Zu Gast bei Juan Pablo im Qinti Quetzal

Die Region Huila ist das Epizentrum des besten Kaffees und verbirgt tief in seinen grünen Hügeln eines der faszinierendsten archäologischen Geheimnisse der Welt. Besonders die prähistorischen Steinfiguren in San Agustín ziehen ihre Besucher in ihren Bann; sie alle führen durch eine unvergesslich mysteriöse Zeitreise. 

Auch säumen die Figuren wunderbare kleine Wanderwege, die immer wieder bleibende Eindrücke garantieren.

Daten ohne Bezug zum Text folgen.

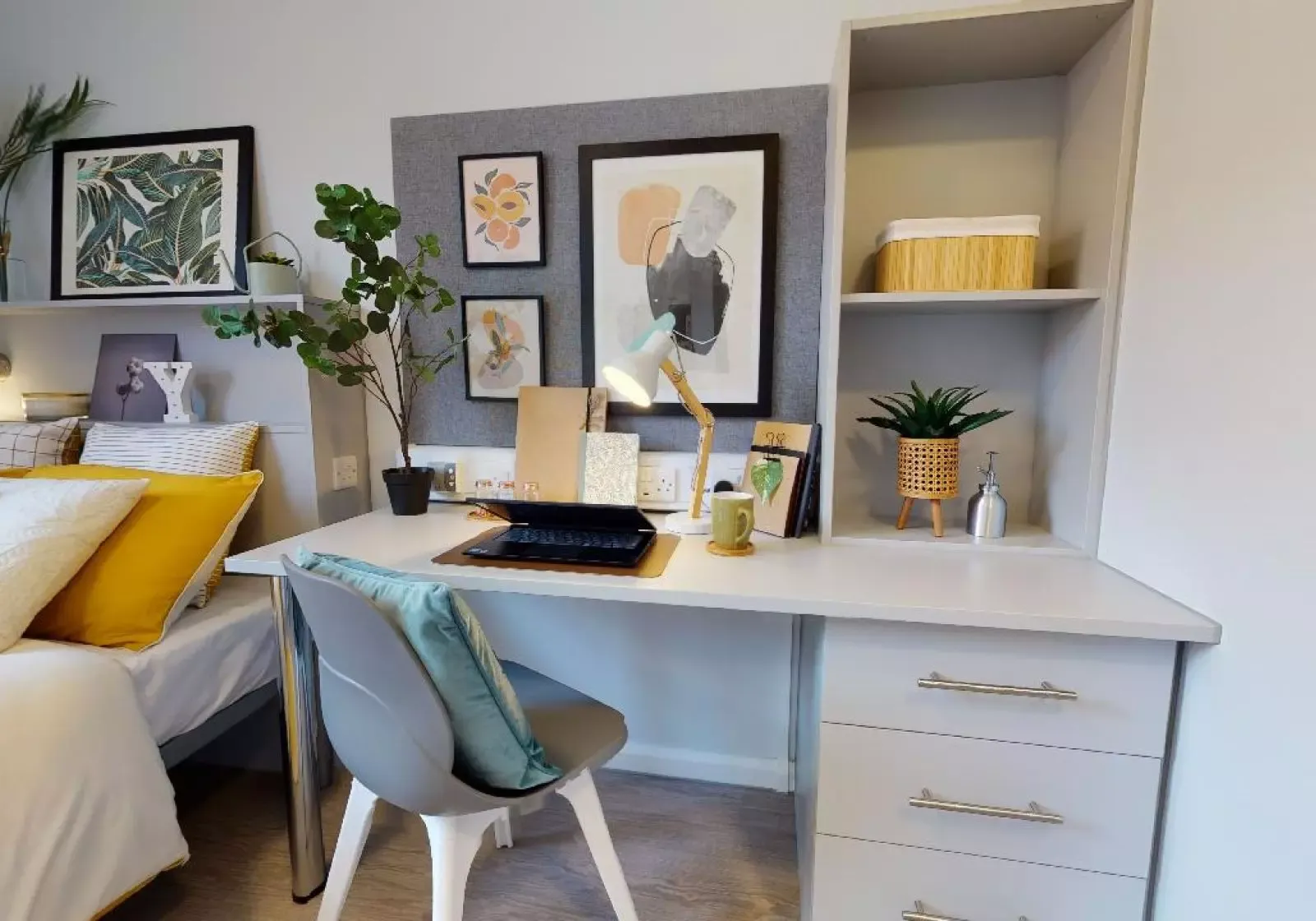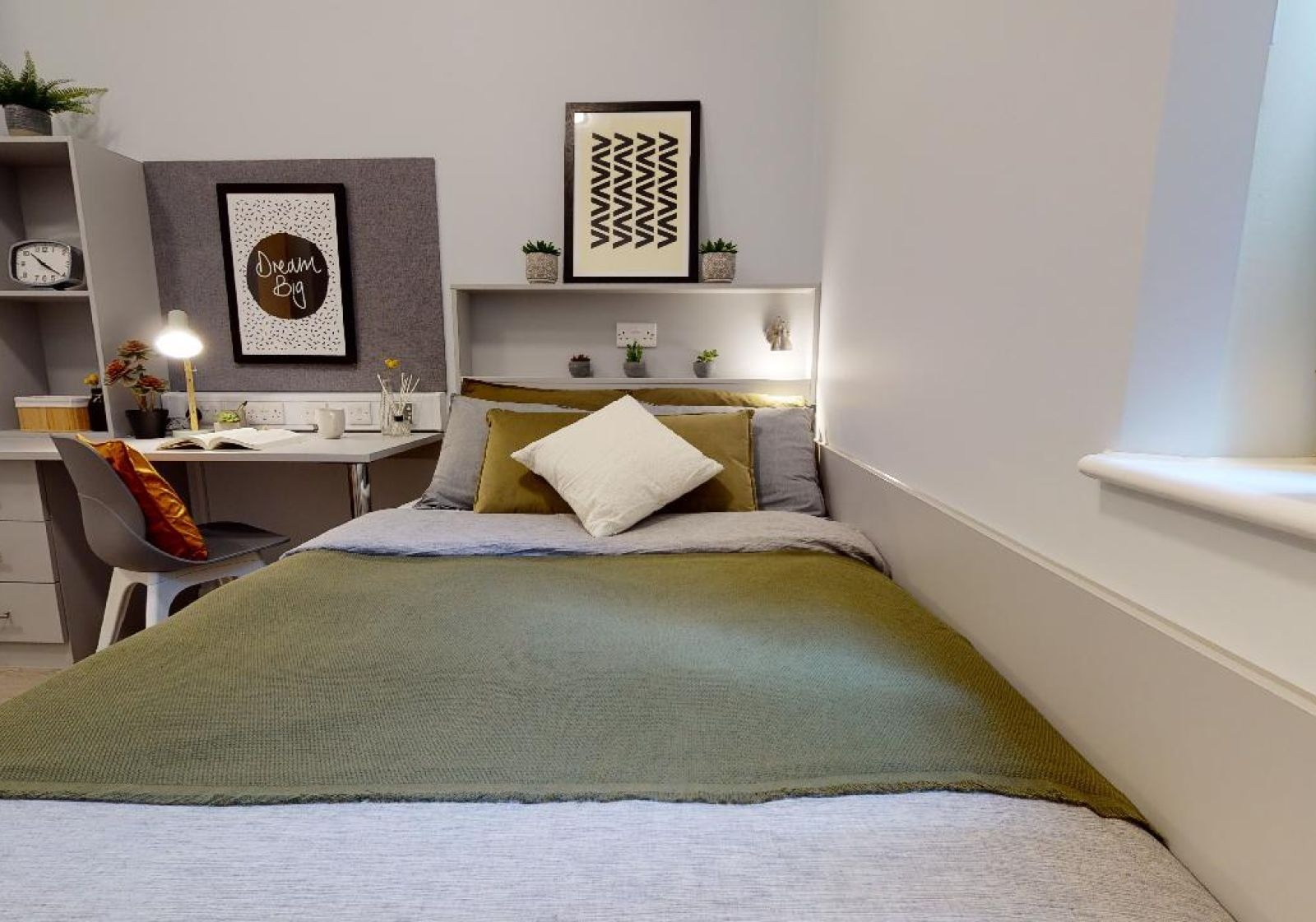 WILL200-031125Twice the size of a standard Bronze En Suite at 23 sqm, this room features an accessible shower, a small double bed and study area. This room on the ground floor is suitable for those requiring wheelchair access. You will also be able to enjoy the brand new onsite facilities. Our building is located close to a range of useful amenities, with many shops and restaurants around five minutes away. Your room has a large en suite shower and has been upgraded with USB charging points. It also shares a kitchen space plus TV and seating area with other students. You will also have the use of a courtyard, laundry facilities and free WiFi.

Jeder spürt, dass schon der wundervolle Ausstrahlung vermittelnde Ort San Agustin selbst ein einladendes Kleinod ist.

Überdies liegt hier das kleine, charmante Hotel Qinti Quetzal. Dieses Juwel führt Juan Pablo, der eine inspirierende Geschichte mitbringt: Nach Jahren in den USA kehrte er in seine Heimat zurück. Sein hohes Ziel? Tourismus sowie den biologischen Kaffeeanbau in Huila zu fördern und bereichern.

Mit beachtlicher Leidenschaft führt Juan Pablo das Hotel. Morgens zaubert er ein fantastisches Frühstück. Seine Gäste reisen stets begeistert ab. Und Juan Pablo gestaltet jeden Aufenthalt in den Bergen von Huila rundum heimelig und zugewandt.

Allabendlich mischt er auf Wunsch feine Drinks mit den herrlichen Früchten der Region. Zudem finden sich überall Dorfrestaurants mit leckerem Essen. Juan Pablo übergab mir seine WhatsApp Nummer. Gerne vermittle ich diese weiter.

Er plant einen erneuten Besuch in der Schweiz. Denn sein Ziel ist es, den Vertrieb des hervorragenden kolumbianischen Kaffees voranzubringen.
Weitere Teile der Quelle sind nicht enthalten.